**Task objective:** The stretch from the line with "鑒于此,科學家對二氧化硫和有" through the line with "2021级数据科学与大数据技" in the records below: write it out exactly, and nothing else.

**Given entries:**
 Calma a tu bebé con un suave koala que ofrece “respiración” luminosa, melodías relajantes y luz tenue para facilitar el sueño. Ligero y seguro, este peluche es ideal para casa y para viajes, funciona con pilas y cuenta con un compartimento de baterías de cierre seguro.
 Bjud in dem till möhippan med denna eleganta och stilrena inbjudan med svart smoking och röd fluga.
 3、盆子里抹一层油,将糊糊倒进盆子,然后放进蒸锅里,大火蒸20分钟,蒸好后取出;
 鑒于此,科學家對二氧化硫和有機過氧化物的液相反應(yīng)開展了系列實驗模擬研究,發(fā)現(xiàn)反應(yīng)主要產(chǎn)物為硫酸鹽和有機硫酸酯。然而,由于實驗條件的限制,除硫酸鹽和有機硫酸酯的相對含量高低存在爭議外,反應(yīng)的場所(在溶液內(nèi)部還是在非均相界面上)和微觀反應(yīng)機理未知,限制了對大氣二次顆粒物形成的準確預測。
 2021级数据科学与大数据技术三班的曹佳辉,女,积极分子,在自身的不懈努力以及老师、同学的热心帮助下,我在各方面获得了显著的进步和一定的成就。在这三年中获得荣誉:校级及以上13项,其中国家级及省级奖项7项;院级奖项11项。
--
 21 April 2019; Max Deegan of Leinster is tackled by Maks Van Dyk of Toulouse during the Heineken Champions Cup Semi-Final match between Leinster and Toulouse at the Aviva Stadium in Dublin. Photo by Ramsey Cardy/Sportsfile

**Completed task:**
 鑒于此,科學家對二氧化硫和有機過氧化物的液相反應(yīng)開展了系列實驗模擬研究,發(fā)現(xiàn)反應(yīng)主要產(chǎn)物為硫酸鹽和有機硫酸酯。然而,由于實驗條件的限制,除硫酸鹽和有機硫酸酯的相對含量高低存在爭議外,反應(yīng)的場所(在溶液內(nèi)部還是在非均相界面上)和微觀反應(yīng)機理未知,限制了對大氣二次顆粒物形成的準確預測。
 2021级数据科学与大数据技术三班的曹佳辉,女,积极分子,在自身的不懈努力以及老师、同学的热心帮助下,我在各方面获得了显著的进步和一定的成就。在这三年中获得荣誉:校级及以上13项,其中国家级及省级奖项7项;院级奖项11项。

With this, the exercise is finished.